On Tue, Nov 18, 2025 at 04:54:31PM -0500, Zi Yan wrote:
> On 18 Nov 2025, at 14:26, Jiaqi Yan wrote:
> 
> > On Tue, Nov 18, 2025 at 2:20 AM Harry Yoo <harry.yoo@oracle.com> wrote:
> >>
> >> On Mon, Nov 17, 2025 at 10:24:27PM -0800, Jiaqi Yan wrote:
> >>> On Mon, Nov 17, 2025 at 5:43 AM Matthew Wilcox <willy@infradead.org> wrote:
> >>>>
> >>>> On Mon, Nov 17, 2025 at 12:15:23PM +0900, Harry Yoo wrote:
> >>>>> On Sun, Nov 16, 2025 at 11:51:14AM +0000, Matthew Wilcox wrote:
> >>>>>> But since we're only doing this on free, we won't need to do folio
> >>>>>> allocations at all; we'll just be able to release the good pages to the
> >>>>>> page allocator and sequester the hwpoison pages.
> >>>>>
> >>>>> [+Cc PAGE ALLOCATOR folks]
> >>>>>
> >>>>> So we need an interface to free only healthy portion of a hwpoison folio.
> >>>
> >>> +1, with some of my own thoughts below.
> >>>
> >>>>>
> >>>>> I think a proper approach to this should be to "free a hwpoison folio
> >>>>> just like freeing a normal folio via folio_put() or free_frozen_pages(),
> >>>>> then the page allocator will add only healthy pages to the freelist and
> >>>>> isolate the hwpoison pages". Oherwise we'll end up open coding a lot,
> >>>>> which is too fragile.
> >>>>
> >>>> Yes, I think it should be handled by the page allocator.  There may be
> >>>
> >>> I agree with Matthew, Harry, and David. The page allocator seems best
> >>> suited to handle HWPoison subpages without any new folio allocations.
> >>
> >> Sorry I should have been clearer. I don't think adding an **explicit**
> >> interface to free an hwpoison folio is worth; instead implicitly
> >> handling during freeing of a folio seems more feasible.
> >
> > That's fine with me, just more to be taken care of by page allocator.
> >
> >>
> >>>> some complexity to this that I've missed, eg if hugetlb wants to retain
> >>>> the good 2MB chunks of a 1GB allocation.  I'm not sure that's a useful
> >>>> thing to do or not.
> >>>>
> >>>>> In fact, that can be done by teaching free_pages_prepare() how to handle
> >>>>> the case where one or more subpages of a folio are hwpoison pages.
> >>>>>
> >>>>> How this should be implemented in the page allocator in memdescs world?

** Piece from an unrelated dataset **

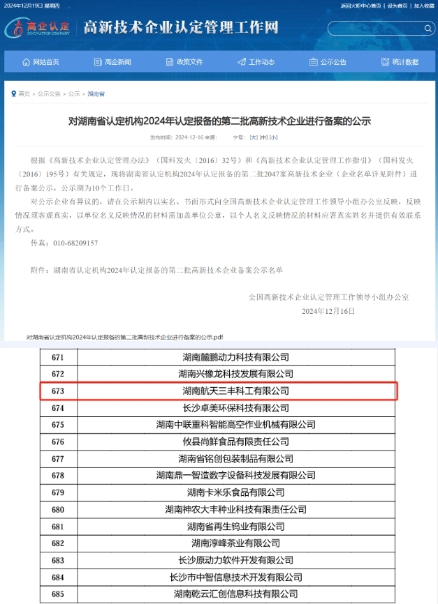 近日,全国高新技术企业认定管理工作领导小组办公室发布“对湖南省认定机构2024年认定报备的第二批高新技术企业进行备案的公示”,三丰公司顺利通过“国家高新技术企业”复审。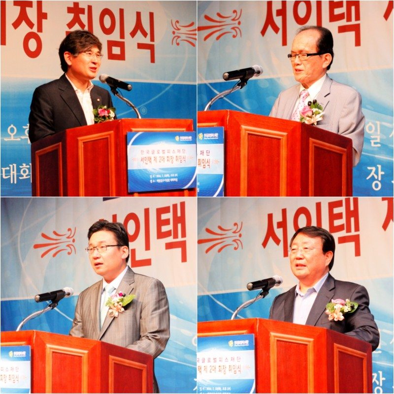 Political and civic leaders offer congratulations at the inaugural ceremony. Clockwise from top left: Jaeyun Kim, New Politics Alliance for Democracy; Cheolgi Lee, National President of the National Advisory Council; Youngjun Kim, Senior Vice-President of Global Peace Foundation; Gapsan Lee, Korean NGO Association

> >>>>> Hmm, we'll want to do some kind of non-uniform split, without actually
> >>>>> splitting the folio but allocating struct buddy?
> >>>>
> >>>> Let me sketch that out, realising that it's subject to change.
> >>>>
> >>>> A page in buddy state can't need a memdesc allocated.  Otherwise we're
> >>>> allocating memory to free memory, and that way lies madness.  We can't
> >>>> do the hack of "embed struct buddy in the page that we're freeing"
> >>>> because HIGHMEM.  So we'll never shrink struct page smaller than struct
> >>>> buddy (which is fine because I've laid out how to get to a 64 bit struct
> >>>> buddy, and we're probably two years from getting there anyway).
> >>>>
> >>>> My design for handling hwpoison is that we do allocate a struct hwpoison
> >>>> for a page.  It looks like this (for now, in my head):
> >>>>
> >>>> struct hwpoison {
> >>>>         memdesc_t original;
> >>>>         ... other things ...
> >>>> };
> >>>>
> >>>> So we can replace the memdesc in a page with a hwpoison memdesc when we
> >>>> encounter the error.  We still need a folio flag to indicate that "this
> >>>> folio contains a page with hwpoison".  I haven't put much thought yet
> >>>> into interaction with HUGETLB_PAGE_OPTIMIZE_VMEMMAP; maybe "other things"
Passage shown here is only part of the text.